- _Materials provided_
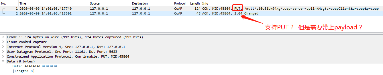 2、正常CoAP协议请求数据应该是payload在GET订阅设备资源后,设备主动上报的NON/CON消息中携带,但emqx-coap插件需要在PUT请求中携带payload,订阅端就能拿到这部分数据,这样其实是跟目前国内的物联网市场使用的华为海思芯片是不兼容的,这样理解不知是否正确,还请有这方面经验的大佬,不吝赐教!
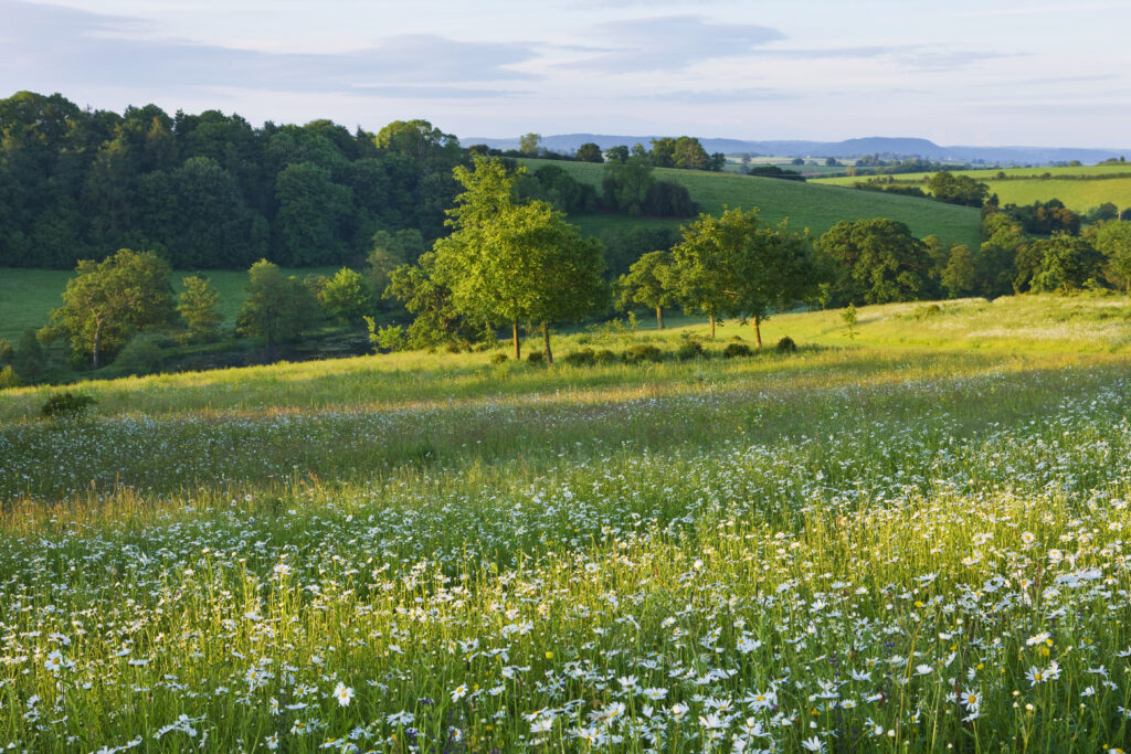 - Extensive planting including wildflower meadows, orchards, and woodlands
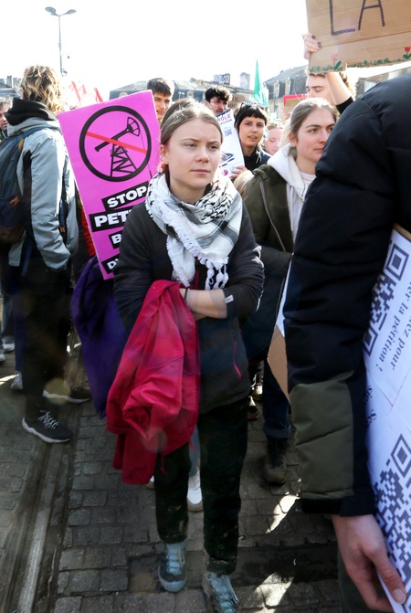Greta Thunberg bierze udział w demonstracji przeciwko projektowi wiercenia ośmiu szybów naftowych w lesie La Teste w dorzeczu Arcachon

---

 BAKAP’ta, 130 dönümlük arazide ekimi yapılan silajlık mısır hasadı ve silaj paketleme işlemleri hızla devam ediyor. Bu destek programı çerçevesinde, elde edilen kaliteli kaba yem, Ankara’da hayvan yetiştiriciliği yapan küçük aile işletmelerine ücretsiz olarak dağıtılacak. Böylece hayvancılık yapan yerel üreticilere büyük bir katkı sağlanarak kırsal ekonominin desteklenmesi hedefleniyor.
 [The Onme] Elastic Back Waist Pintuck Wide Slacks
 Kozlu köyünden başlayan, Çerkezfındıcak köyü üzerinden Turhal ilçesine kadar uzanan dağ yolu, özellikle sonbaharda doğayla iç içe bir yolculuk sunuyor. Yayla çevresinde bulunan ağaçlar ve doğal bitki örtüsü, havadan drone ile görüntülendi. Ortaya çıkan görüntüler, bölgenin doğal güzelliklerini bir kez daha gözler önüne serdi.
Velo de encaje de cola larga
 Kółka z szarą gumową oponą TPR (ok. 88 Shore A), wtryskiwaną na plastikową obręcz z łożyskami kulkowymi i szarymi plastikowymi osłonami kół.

- _Exercise instructions_
Everything above from the line containing "2、正常CoAP协议请求数据" through the line containing "Greta Thunberg bierze" must be repeated exactly, and the pictures must be left out.

- _Answer below_
 2、正常CoAP协议请求数据应该是payload在GET订阅设备资源后,设备主动上报的NON/CON消息中携带,但emqx-coap插件需要在PUT请求中携带payload,订阅端就能拿到这部分数据,这样其实是跟目前国内的物联网市场使用的华为海思芯片是不兼容的,这样理解不知是否正确,还请有这方面经验的大佬,不吝赐教!
 - Extensive planting including wildflower meadows, orchards, and woodlands
Greta Thunberg bierze udział w demonstracji przeciwko projektowi wiercenia ośmiu szybów naftowych w lesie La Teste w dorzeczu Arcachon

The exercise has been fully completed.